Data supplied
┄┄┄┄┄┄┄┄┄┄┄┄┄┄┄┄┄┄┄┄

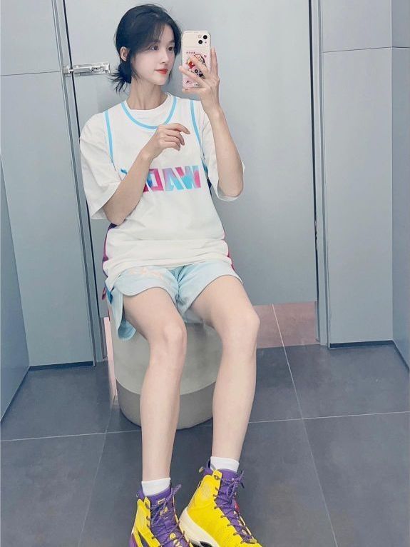 篮球少女日常穿搭之——大长腿风(自封的😁) 👚:UR的纱网式衬衫外套深蓝色 👑:运动Bra,nike的中强度,平时健身房和打篮球我都穿这个系列,一下子买了好多个颜色~ 🩳:常见的黑色不规则三分牛仔裤 👟:Yeezy350冰蓝满天星 🧦:nike经典侧勾长袜,训练打球和出街两不误。 我的穿搭没什么法则,打球训练和刷街基本上都可以混穿^_^穿出舒适和适合自己的风格
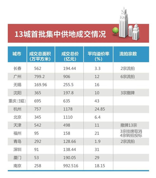 首批集中供地的13個城市覆蓋東北、華北、華東、華南和西南五大區(qū)域,東北地區(qū)為沈陽、長春,華北地區(qū)為北京、天津、青島,華東地區(qū)為杭州、無錫和南京,華南地區(qū)為廣州、深圳、福州、廈門,西南區(qū)域為重慶。
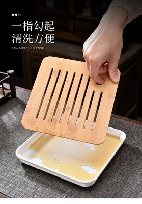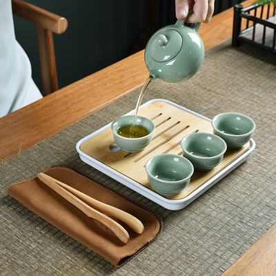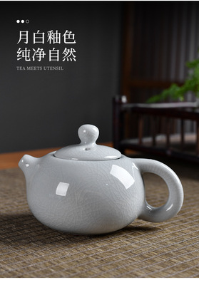 Moonwhite Ge Kiln one pot with four cups + tea cloth + tea tongs + square plate + travel bag
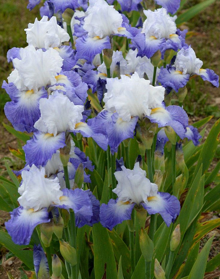 Рассада Ириса Ализес (Alizes) – это прекрасная возможность дополнить экстерьер своего дома или разнообразить дизайн цветника. Высокорослый цветок в период цветения порадует привлекательным внешним видом. На фоне голубых нижних лепестков удачно выделяются белоснежные верхние. Основные характеристики сорта:
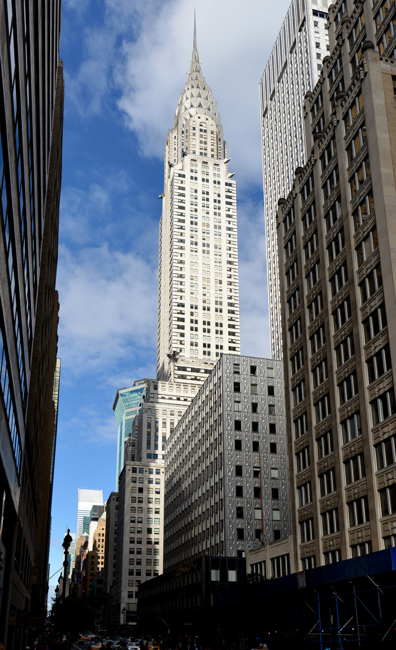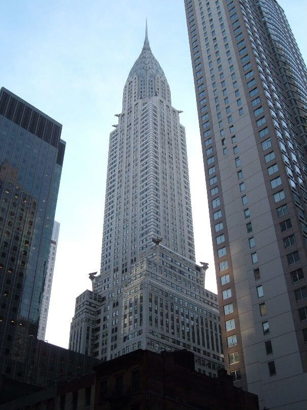 克莱斯勒大厦(英语:Chrysler Building)是美国纽约市的一座装饰风艺术式的摩天大楼,位于曼哈顿东部42街与莱辛顿大道的交叉口。克莱斯勒大厦的高度为1,046英尺(319米),在1931年帝国大厦完工前曾保持了11个月全世界最高建筑的纪录。 虽然大厦内部由金属结构支撑,但克莱斯勒大厦目前仍被认为是全世界最高的砖造建筑物。在世界贸易中心倾倒后,克莱斯勒大厦一度再次成为纽约市的第二高楼,直到2008年美国银行大厦365.8米(1,200英尺)高的尖顶落成后,使得克莱斯勒大厦的排名下降,成为纽约市的第三高楼。此外,2007年落成的纽约时报大厦与克莱斯勒大厦的高度相同,在被世贸中心一号大楼超越后,两座建筑物的高度排名同样下落,目前共居第四名。
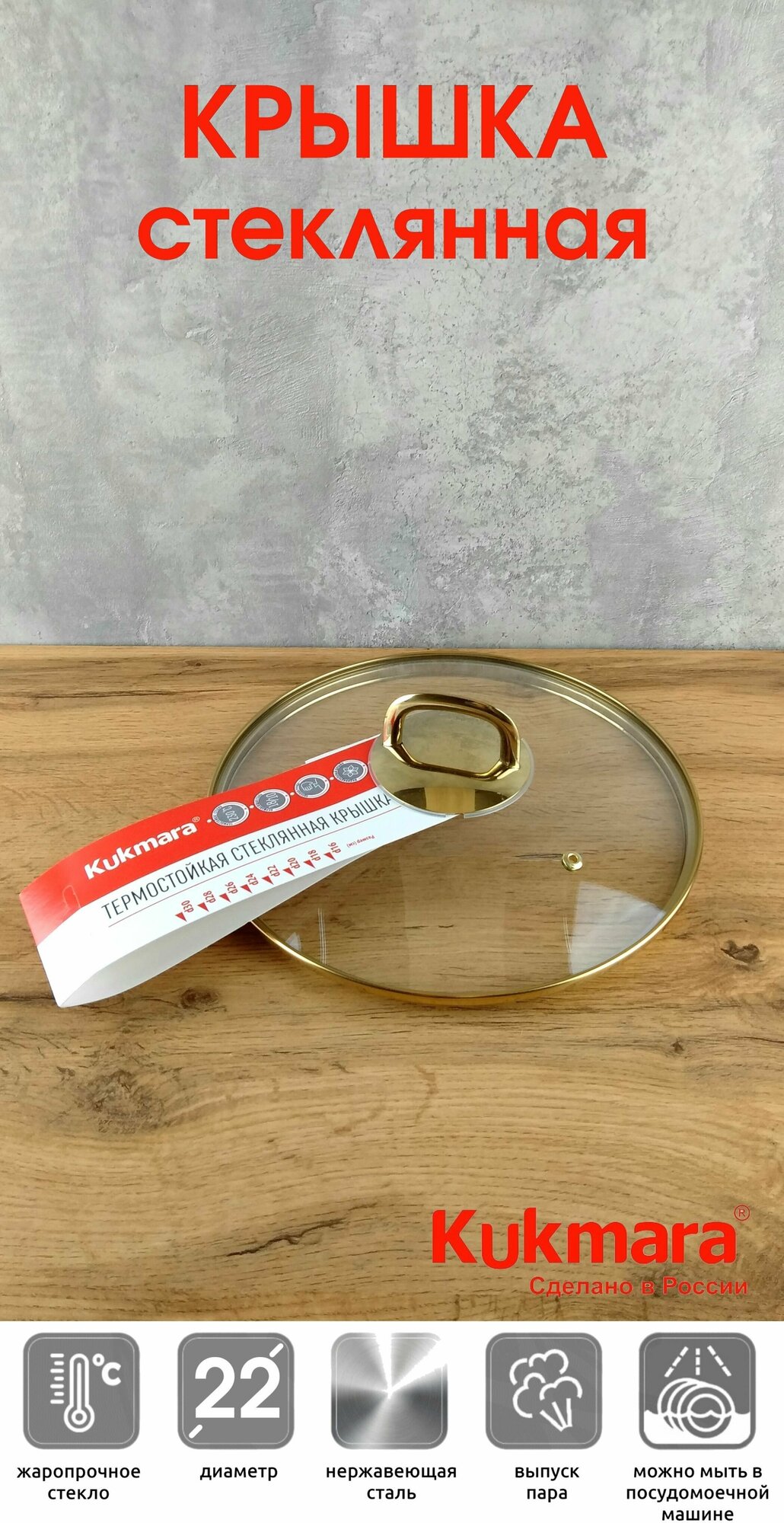 Крышка стеклянная 22 см KUKMARA с22т114, низкая, металл. обод, ручка soft-touch
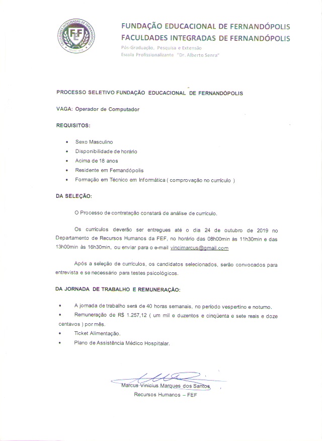 EDITAL 03/2019 - PROCESSO SELETIVO PARA FUNÇÃO DE OPERADOR DE COMPUTADOR
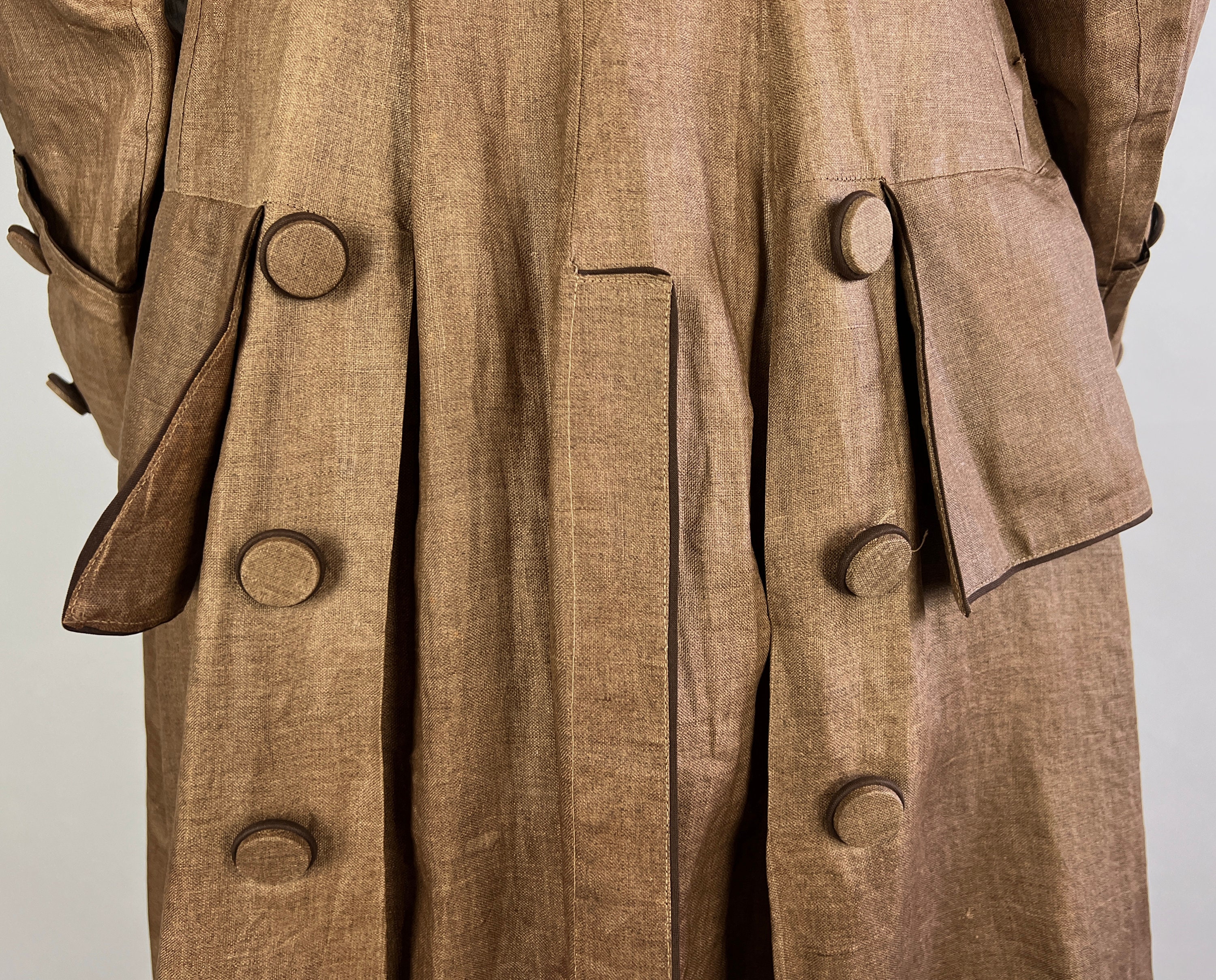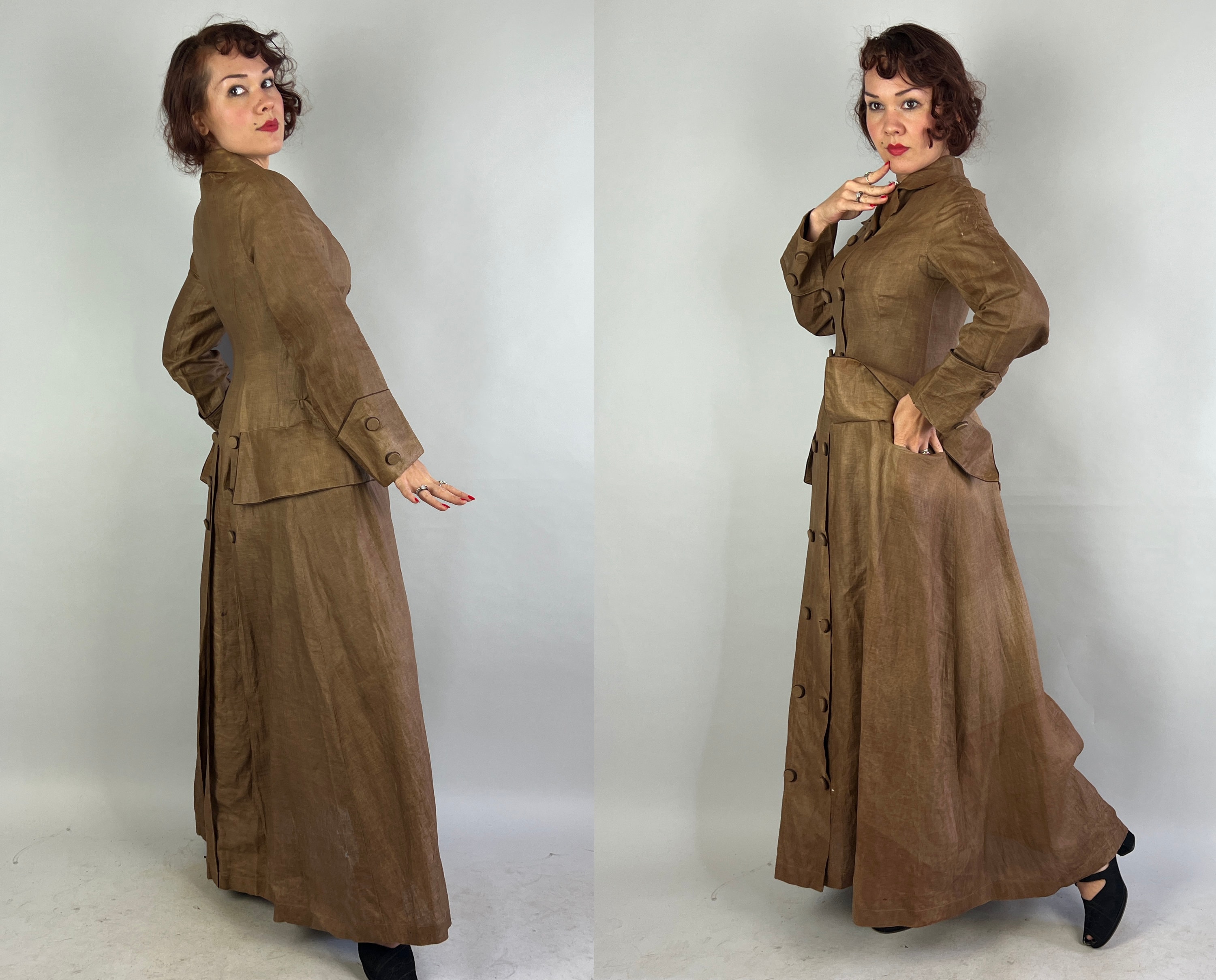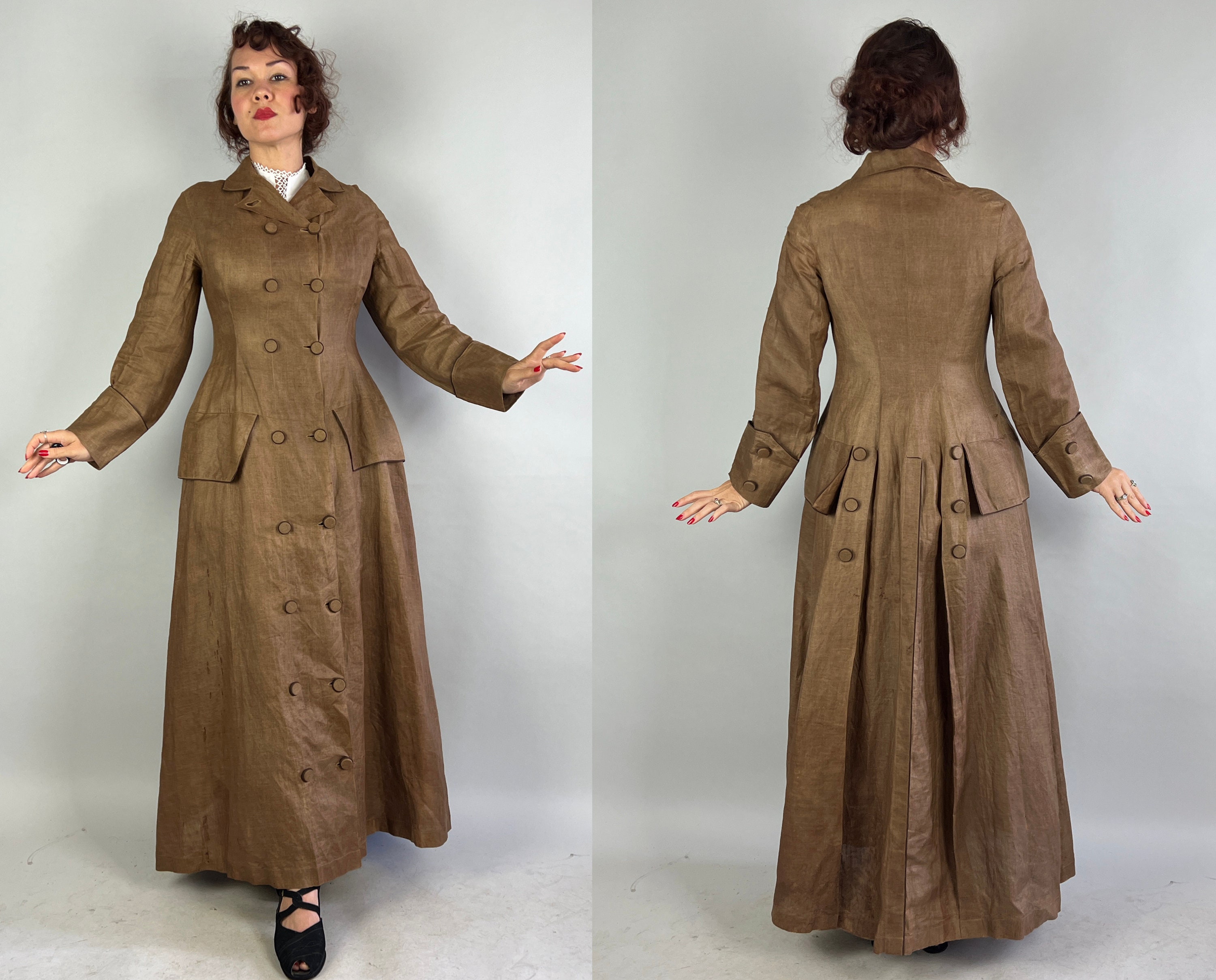 Dash around like a grand pirate in this 1800's frock coat! Lovely fawn brown linen features big cuffs, huge pocket flaps, and pleated back making for a fabulous shape. It has a double breasted closure with the buttons running down the entire length. Walnut brown piping makes for subtle decoration. This coat is in good vintage condition, with a couple tiny holes, period mends, and faint marks at the hem.

┄┄┄┄┄┄┄┄┄┄┄┄┄┄┄┄┄┄┄┄

Problem description
For this answer, retype the lines from the start of the listing through the line that holds "首批集中供地的13個城市覆蓋", inclusive, exactly and without pictures.

Result of this task
 篮球少女日常穿搭之——大长腿风(自封的😁) 👚:UR的纱网式衬衫外套深蓝色 👑:运动Bra,nike的中强度,平时健身房和打篮球我都穿这个系列,一下子买了好多个颜色~ 🩳:常见的黑色不规则三分牛仔裤 👟:Yeezy350冰蓝满天星 🧦:nike经典侧勾长袜,训练打球和出街两不误。 我的穿搭没什么法则,打球训练和刷街基本上都可以混穿^_^穿出舒适和适合自己的风格
 首批集中供地的13個城市覆蓋東北、華北、華東、華南和西南五大區(qū)域,東北地區(qū)為沈陽、長春,華北地區(qū)為北京、天津、青島,華東地區(qū)為杭州、無錫和南京,華南地區(qū)為廣州、深圳、福州、廈門,西南區(qū)域為重慶。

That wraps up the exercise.